Copy all records verbatim, images excluded.
━━━━
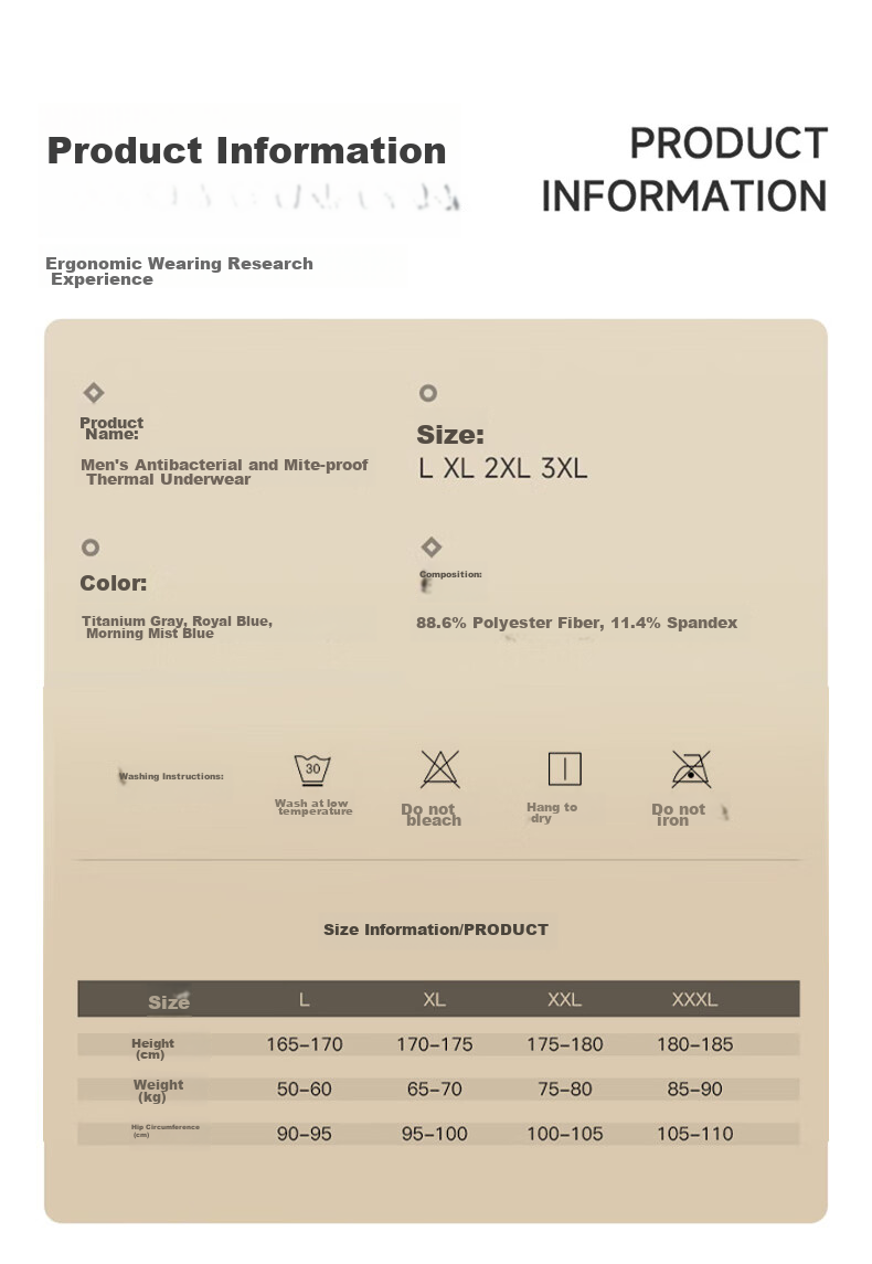 **Product Name:** Men's Antibacterial Dust Mite Resistant Thermal Underwear
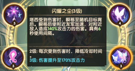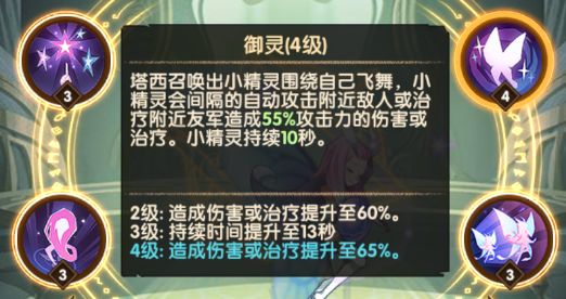 梦境守护塔西是一个绿裔联盟的英雄,他克制亡灵军团的英雄,被蛮血部族的英雄所克制,身为一个智力型英雄,擅长用魔法进行战斗,造成的所有伤害都是魔法伤害。
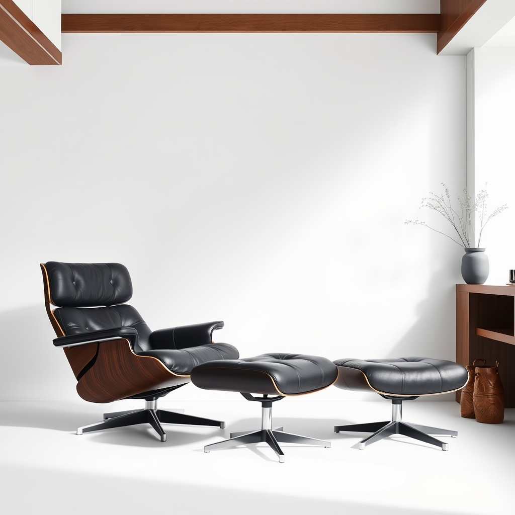 A sleek black leather lounge chair and ottoman set against a pristine white background, inspired by a portrait style reminiscent of Yi Jaegwan, exuding modernist elegance. With the essence of sophisticated style, this scene is enhanced by the rich texture of interior wood elements, embodying a sense of deluxe comfort and refined simplicity.
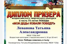 Поздравляем Леванову Татьяну, призера всероссийского творческого конкурса "Мои деды ковали победу!" в номинации эссе.
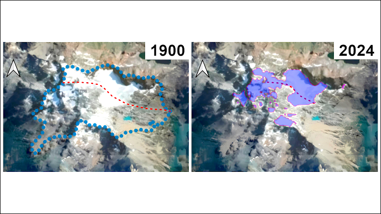 La investigación consistió en analizar la evolución del glaciar desde 1900 -el fin de la última “Pequeña Edad de Hielo2- hasta 2024. Se basó en imágenes satelitales y también en recorridas a pie. Los resultados de Anneris fueron contundentes: “En 124 años, el macizo perdió el 80% de su superficie. Pero esa pérdida no ocurrió siempre a la misma velocidad. Hasta 1979, solo se redujo a razón de 1 hectárea por año; después, la tasa ascendió a 3,5 hectáreas al año, en promedio”, detalló Stieben.
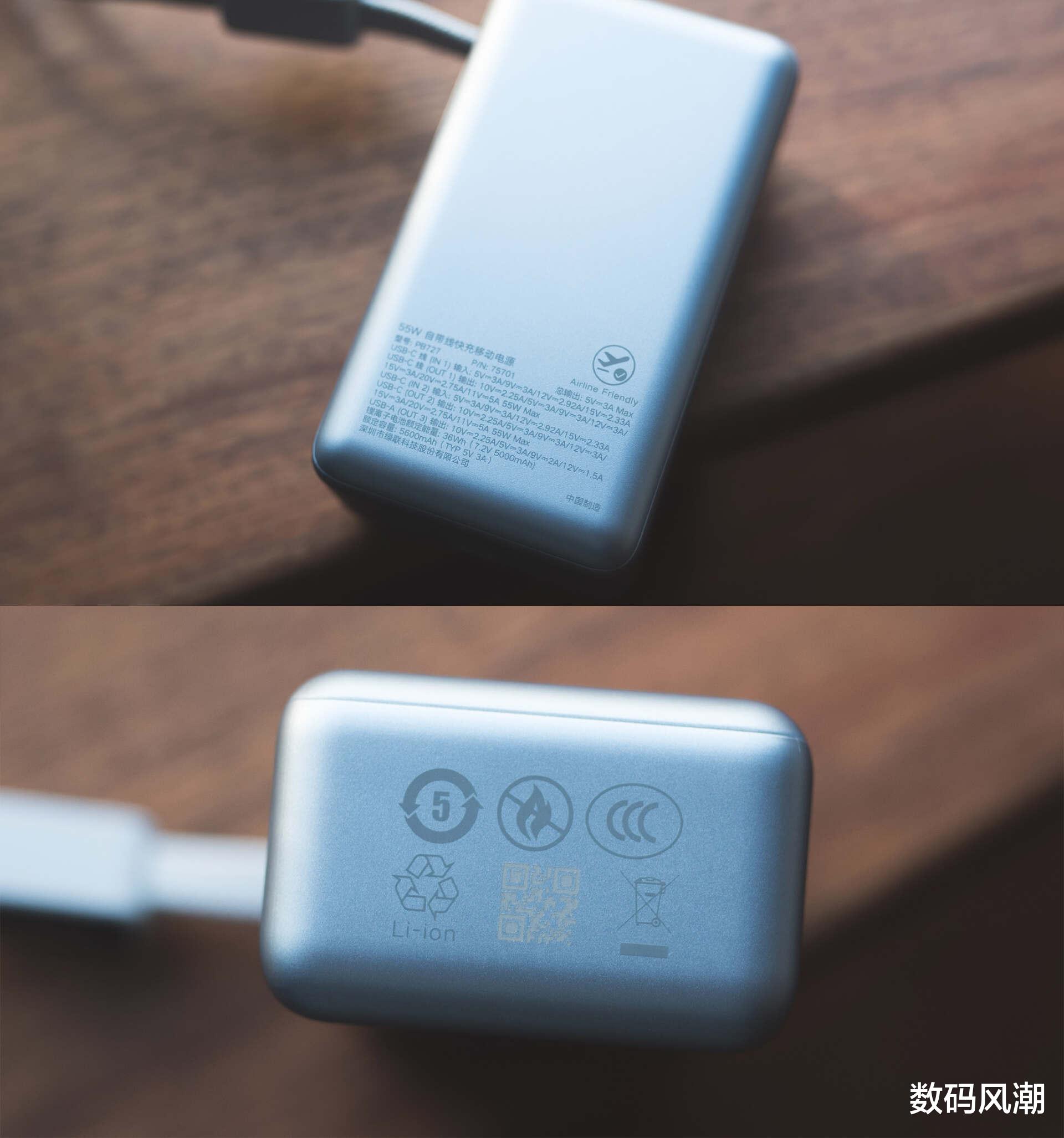 充电宝的核心在于电芯,快充大方向和电池认证使得聚合物锂电池开始被新能源电芯倾斜。能量湃Pro 55W内置了两颗长虹三杰21700车规级电芯,1000次充放电循环电池能量≥70%,综合性能远超传统聚合物锂电池,唯一的缺点就是没法做很薄。电池外壳给到大量数据以及认证标识,36Wh符合登机标准,有3C认证和登机标识,让安全出行更放心。
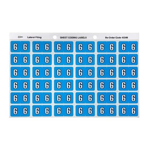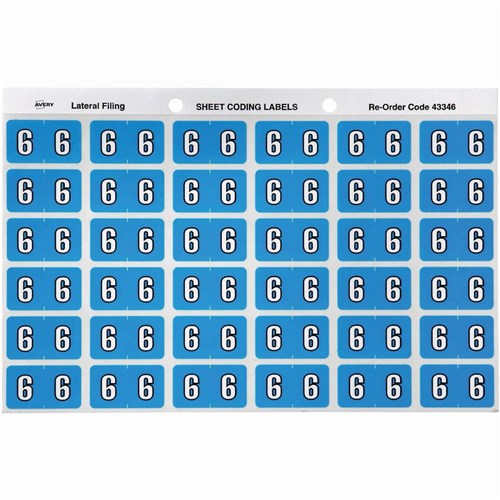 Avery Numeric Coding Label 6 Side Tab 25x38mm Blue Pack of 180
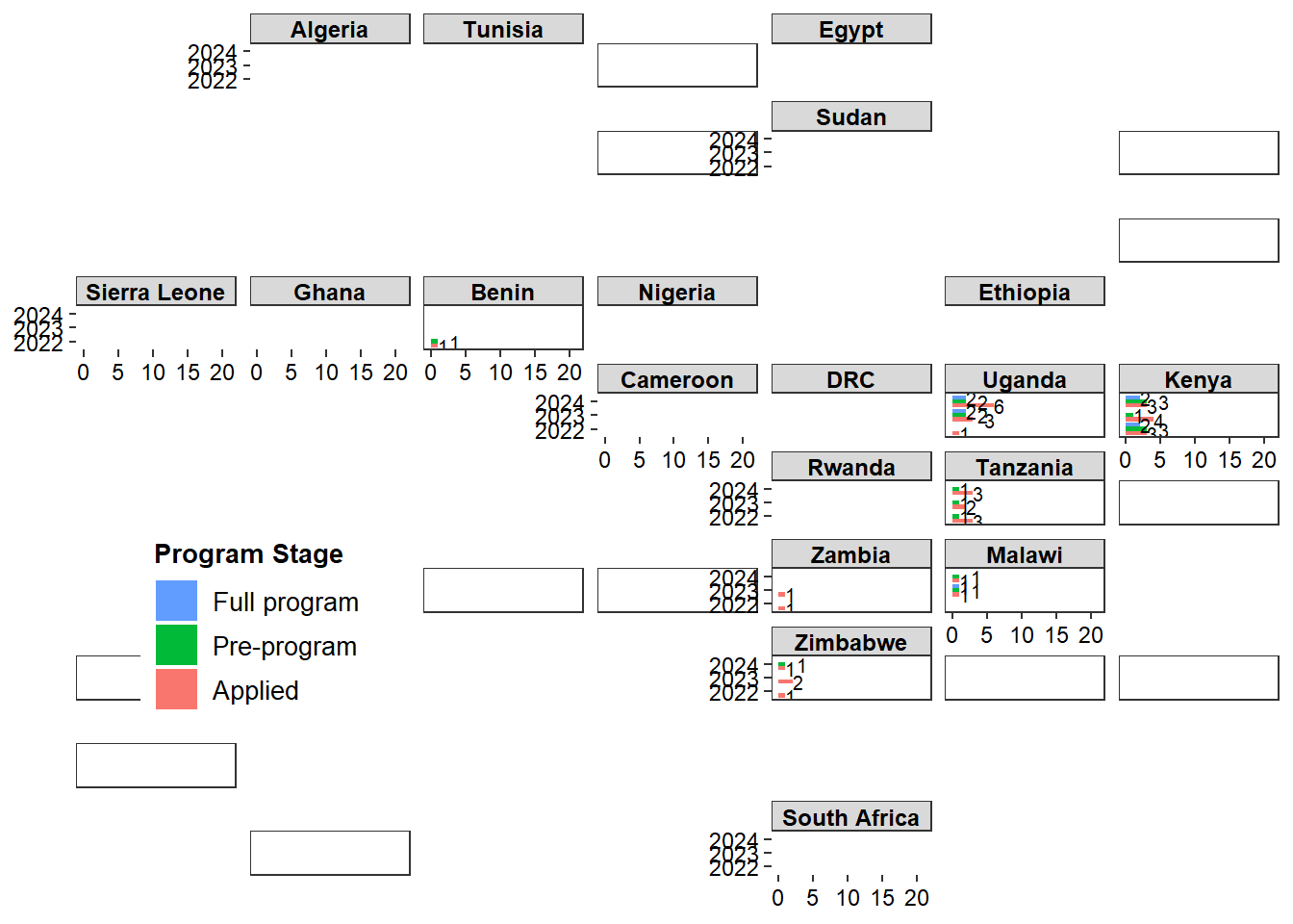 ggplot(dat, aes(applied2, value, fill = status)) +geom_col(position =position_dodge(width =0.9, preserve="single"), alpha =1) +coord_flip() +theme_bw() +facet_geo(~ Country2, grid = my_grid, label ="name") +geom_text(aes(applied2, value, label = label2), hjust =0, size =2.7, position =position_dodge(width =0.9)) +theme_bw() +theme(axis.text =element_text(size =9, color ="black"),axis.title =element_blank(),legend.title =element_text(size =10, face ="bold"),legend.text =element_text(size =10),strip.text =element_text(size =9, color ="black", face ="bold", margin =margin(0.05,0,0.05,0, "cm")),panel.grid.major =element_blank(), panel.grid.minor =element_blank(),legend.position =c(0.15, 0.3) ) +scale_y_continuous(breaks =seq(from =0, to =20, by =5), limits =c(0, 21)) +guides(fill =guide_legend(reverse =TRUE)) +labs(fill ="Program Stage")
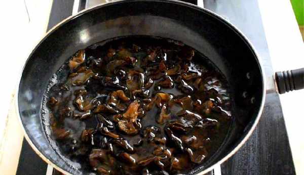 4、木耳泡發完成後撕成小條,鍋裡放清水燒開,木耳放開水裡焯5分鐘,取出後過涼水洗凈備用;
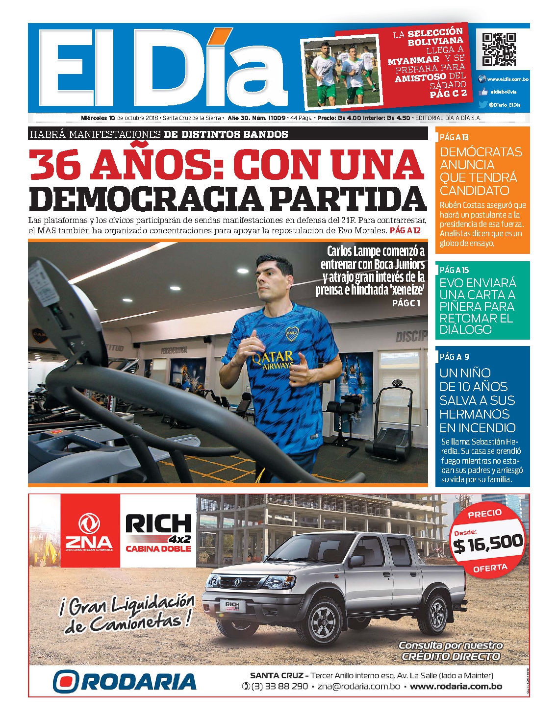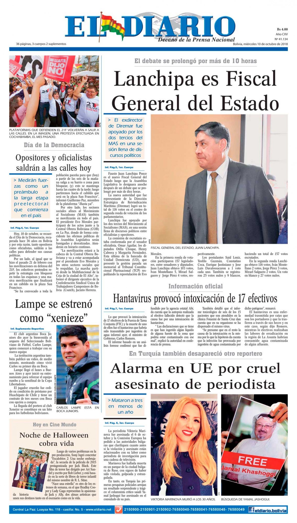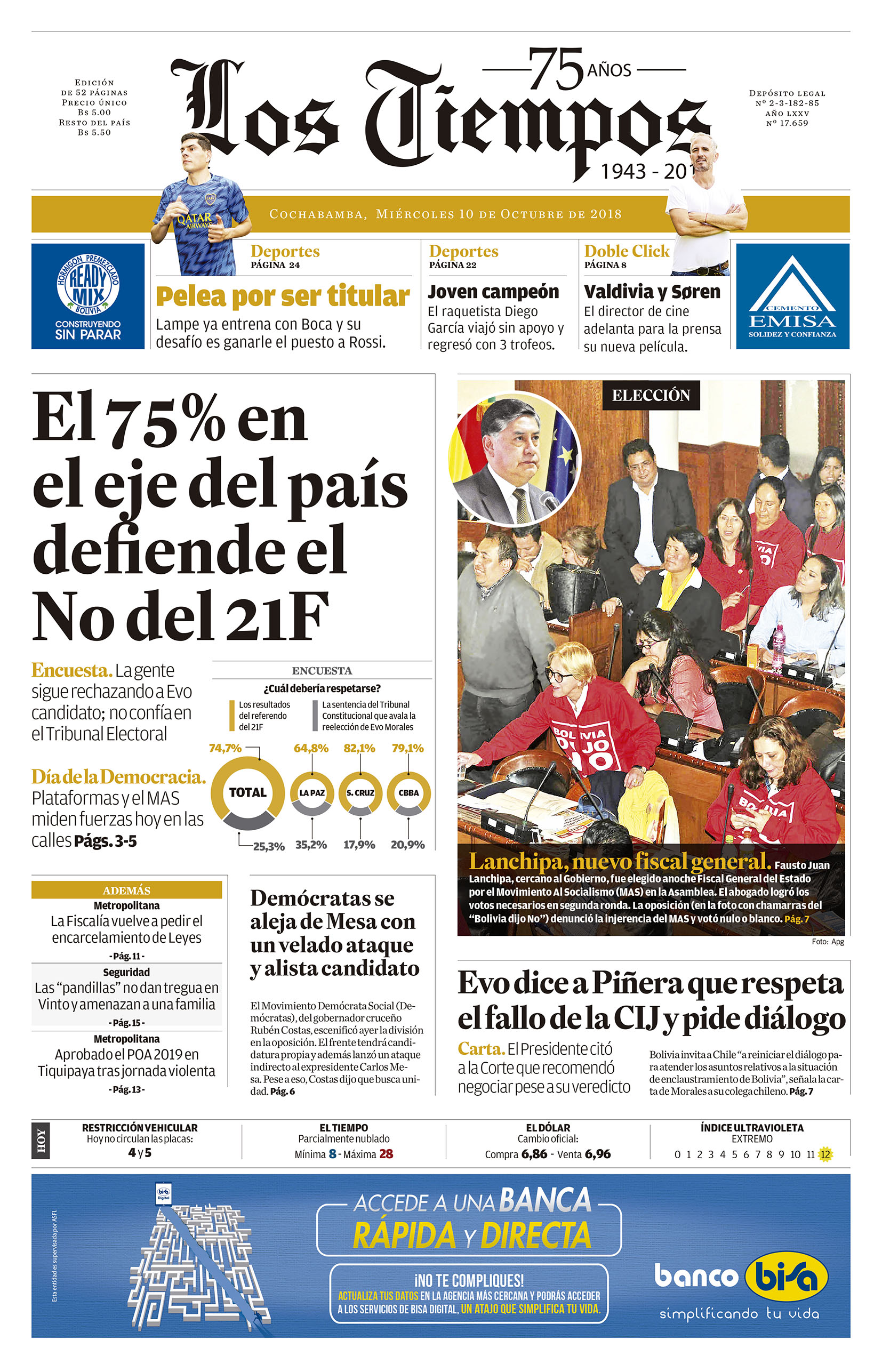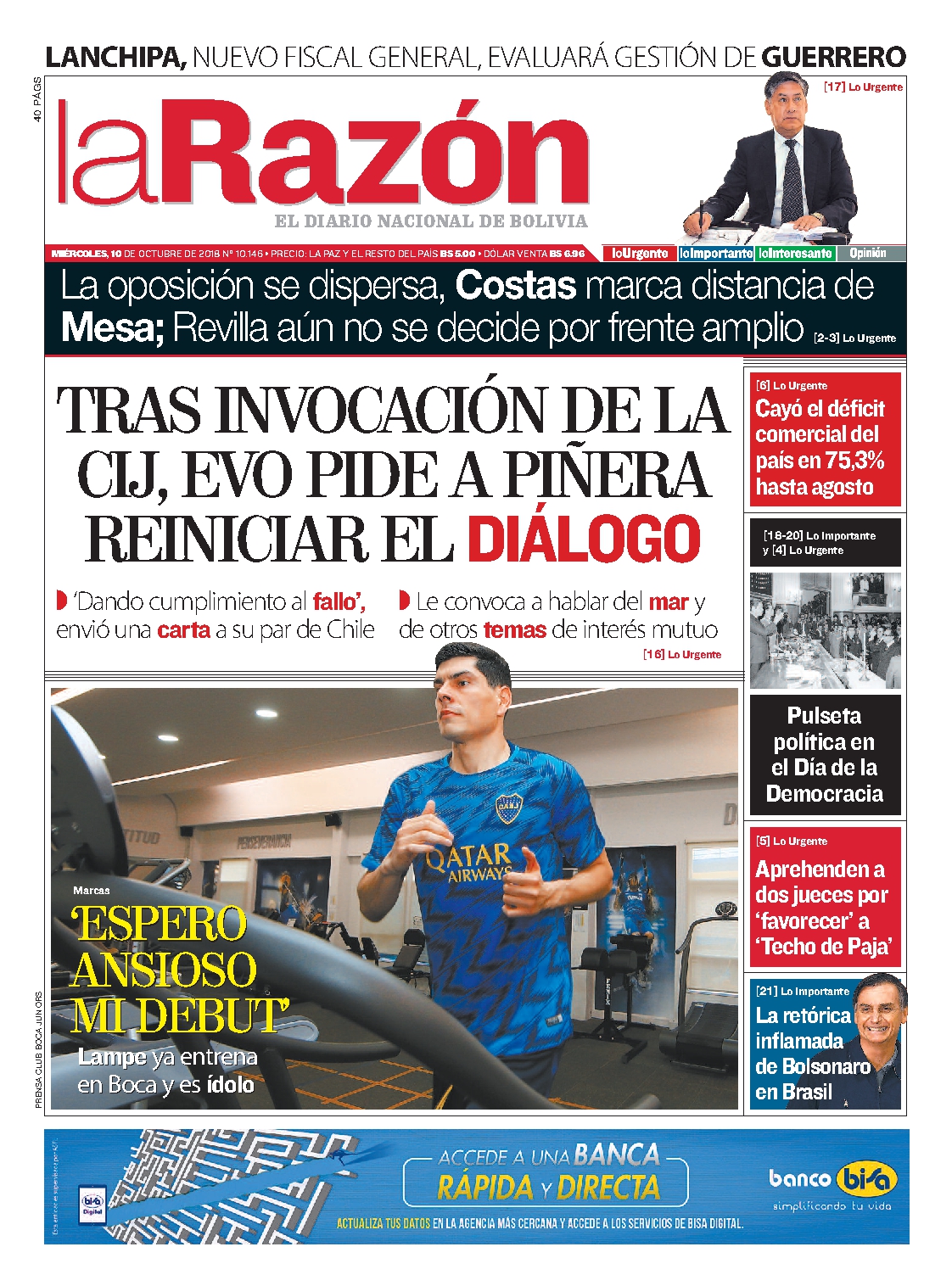 Portadas de periódicos de Bolivia del miércoles 10 de octubre de 2018
━━━━
EXERCISE SOLUTION:
 **Product Name:** Men's Antibacterial Dust Mite Resistant Thermal Underwear
 梦境守护塔西是一个绿裔联盟的英雄,他克制亡灵军团的英雄,被蛮血部族的英雄所克制,身为一个智力型英雄,擅长用魔法进行战斗,造成的所有伤害都是魔法伤害。
 A sleek black leather lounge chair and ottoman set against a pristine white background, inspired by a portrait style reminiscent of Yi Jaegwan, exuding modernist elegance. With the essence of sophisticated style, this scene is enhanced by the rich texture of interior wood elements, embodying a sense of deluxe comfort and refined simplicity.
 Поздравляем Леванову Татьяну, призера всероссийского творческого конкурса "Мои деды ковали победу!" в номинации эссе.
 La investigación consistió en analizar la evolución del glaciar desde 1900 -el fin de la última “Pequeña Edad de Hielo2- hasta 2024. Se basó en imágenes satelitales y también en recorridas a pie. Los resultados de Anneris fueron contundentes: “En 124 años, el macizo perdió el 80% de su superficie. Pero esa pérdida no ocurrió siempre a la misma velocidad. Hasta 1979, solo se redujo a razón de 1 hectárea por año; después, la tasa ascendió a 3,5 hectáreas al año, en promedio”, detalló Stieben.
 充电宝的核心在于电芯,快充大方向和电池认证使得聚合物锂电池开始被新能源电芯倾斜。能量湃Pro 55W内置了两颗长虹三杰21700车规级电芯,1000次充放电循环电池能量≥70%,综合性能远超传统聚合物锂电池,唯一的缺点就是没法做很薄。电池外壳给到大量数据以及认证标识,36Wh符合登机标准,有3C认证和登机标识,让安全出行更放心。
 Avery Numeric Coding Label 6 Side Tab 25x38mm Blue Pack of 180
 ggplot(dat, aes(applied2, value, fill = status)) +geom_col(position =position_dodge(width =0.9, preserve="single"), alpha =1) +coord_flip() +theme_bw() +facet_geo(~ Country2, grid = my_grid, label ="name") +geom_text(aes(applied2, value, label = label2), hjust =0, size =2.7, position =position_dodge(width =0.9)) +theme_bw() +theme(axis.text =element_text(size =9, color ="black"),axis.title =element_blank(),legend.title =element_text(size =10, face ="bold"),legend.text =element_text(size =10),strip.text =element_text(size =9, color ="black", face ="bold", margin =margin(0.05,0,0.05,0, "cm")),panel.grid.major =element_blank(), panel.grid.minor =element_blank(),legend.position =c(0.15, 0.3) ) +scale_y_continuous(breaks =seq(from =0, to =20, by =5), limits =c(0, 21)) +guides(fill =guide_legend(reverse =TRUE)) +labs(fill ="Program Stage")
 4、木耳泡發完成後撕成小條,鍋裡放清水燒開,木耳放開水裡焯5分鐘,取出後過涼水洗凈備用;
 Portadas de periódicos de Bolivia del miércoles 10 de octubre de 2018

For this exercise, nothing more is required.